本セミナーで、「頻脈がわかる」ことを教えるためのシミュレーションを作成するという課題がありました。到達目標が鮮明なため、はじめは簡単な課題かと思いましたが、ディスカッションを進める上で、多くの重要なポイントがあり、深く考えるきっかけとなりました。

対象者をどの到達段階の学習者に設定するか、対象人数、場面設定、マネキンの使用の有無など事前に決める事項は多岐に渡りました。グループでのディスカッションでしたが、私達のグループでは、臨床実習に出る前の看護学生を対象としたため、最初に脈拍を触れる箇所を確認し、正しく触知できるかという過程が新たに加わりました。ステップを設けることでも学習効率を高められるのだと気付かされました。さらに他のグループの発表では、対象者や場面設定なども異なっており、はっきりとした到達目標に対しても様々な道筋があることは新鮮でした。

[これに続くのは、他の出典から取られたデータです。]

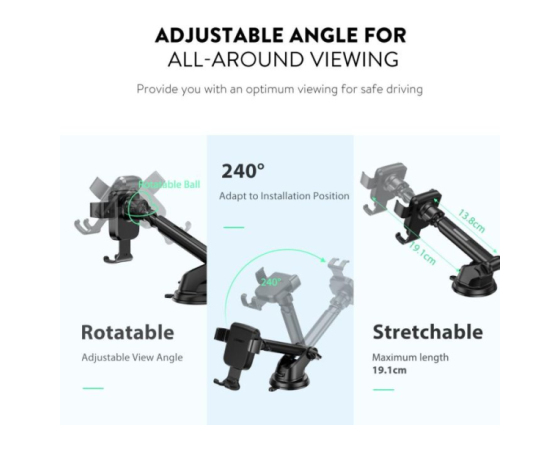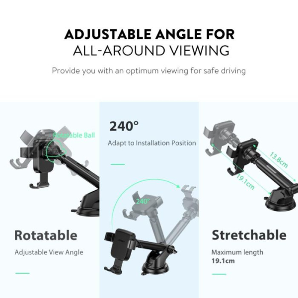Gravitacijsko držalo za telefon lahko razširite tako, da se prilega priljubljenim pametnim telefonom z velikostjo zaslona od 4,7 "do Max 7" zaslona.
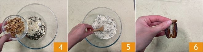 Ajoutez les noix 4, une pincée de sel et mélangez bien 5. Prenez les dattes, ouvrez-les en deux et retirez le noyau 6.
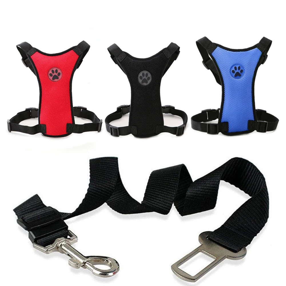 Нагрудный ремень для собак, регулируемый дышащий Многофункциональный поводок, сетчатые шлейки, ремень безопасности для автомобиля, товары для домашних животных
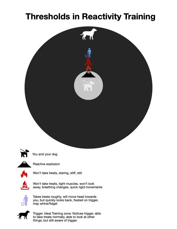 What does “threshold” mean. Your dog’s threshold means the distance in which you no longer are able to control their response to the trigger. So once the triggers gets inside your dog’s perceived personal space bubble they will react to drive the trigger away, or if your dog’s reactivity is based on frustration and over arousal and excitement the distance of which they just can’t keep it together.
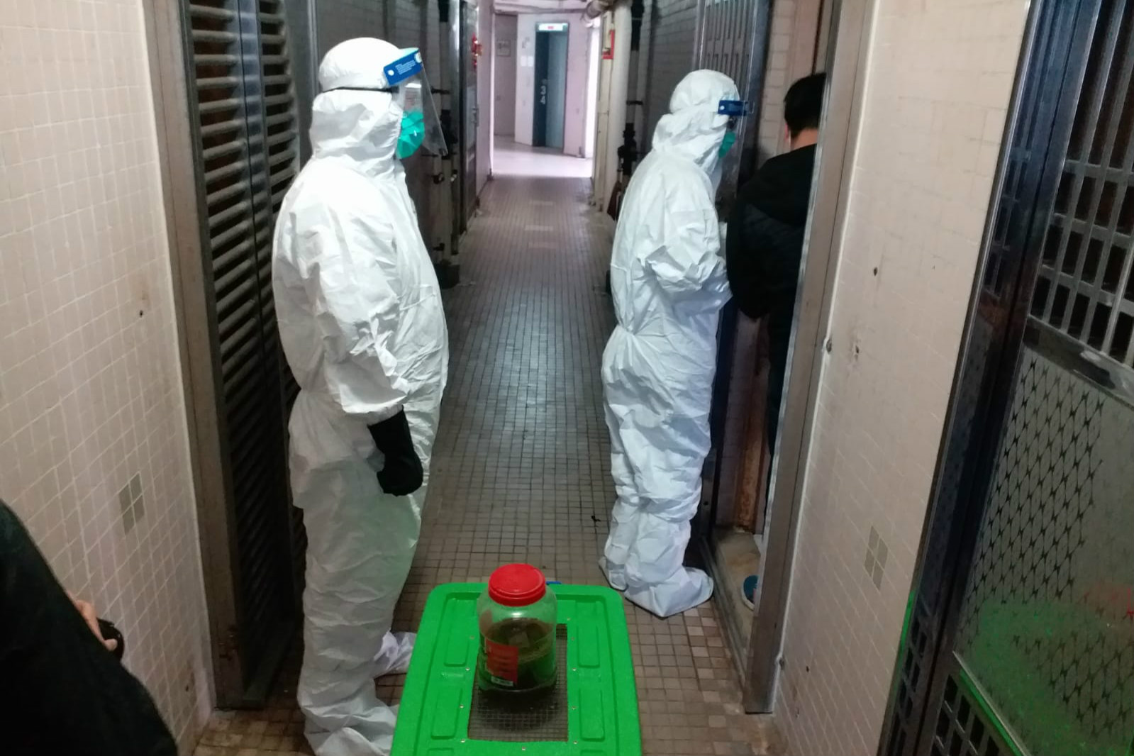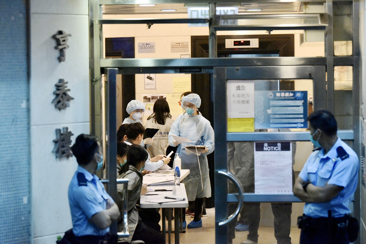 衛生署防護中心人員在大廈內準備文件協助住戶登記,大樓外有警員負責看守。中新社
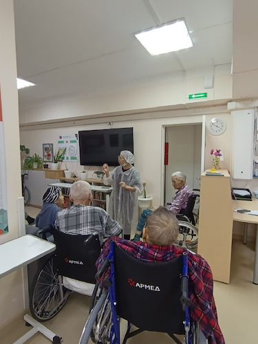 — Родным нужно написать по телефону 8-914-277-74-29, записаться на прием. Мы отказываем, если болезнь уже в тяжелой стадии. Есть очередь. Сейчас записываем на 2026 г. Прежде чем попасть на интенсив в студии, пациент проходит всестороннее обследование, сдает анализы, общается с психологом, неврологом, проходит тесты. Мы определяем когнитивный статус и потом уже решаем, может ли пациент посещать студию. Если пациент не может посещать занятия (маломобильный), то к нему могут приходить на дом. Это выездной формат Студии когнитивного здоровья. Такое тоже возможно.

これまでのFunSimJは会場に集まり、シミュレーション作成した後に実際に運用してみてブラッシュアップしながら考えるということもされていたようです。しかし、今回はコロナ下でZoomでの開催のため、省かれてしまいました。その代わりにこの特殊な状況と向き合い、いかにシミュレーションを行っていくかについてが議題として挙がりました。東京医科大学の阿部幸恵先生のご講演では、デジタルデバイスやアプリケーションを存分に活かされながら新しい教育体制を構築されているお話を拝聴し、非常に刺激を受けました。また、受講生それぞれにコロナ下でのシミュレーション教育についてを提出する事前課題もありましたが、みなさん限られた資源や時間、環境の中で非常に苦労されながら模索されているのを知り、知恵を学ばせていただくと共に大いに励まされました。

そもそも本セミナーも対面重視のコースであった中で、Zoomでの開催へ踏切り成功された過程では、多くの方のご尽力があったのだと感謝しています。スタッフの方々の行動力、そして情熱を強く感じました。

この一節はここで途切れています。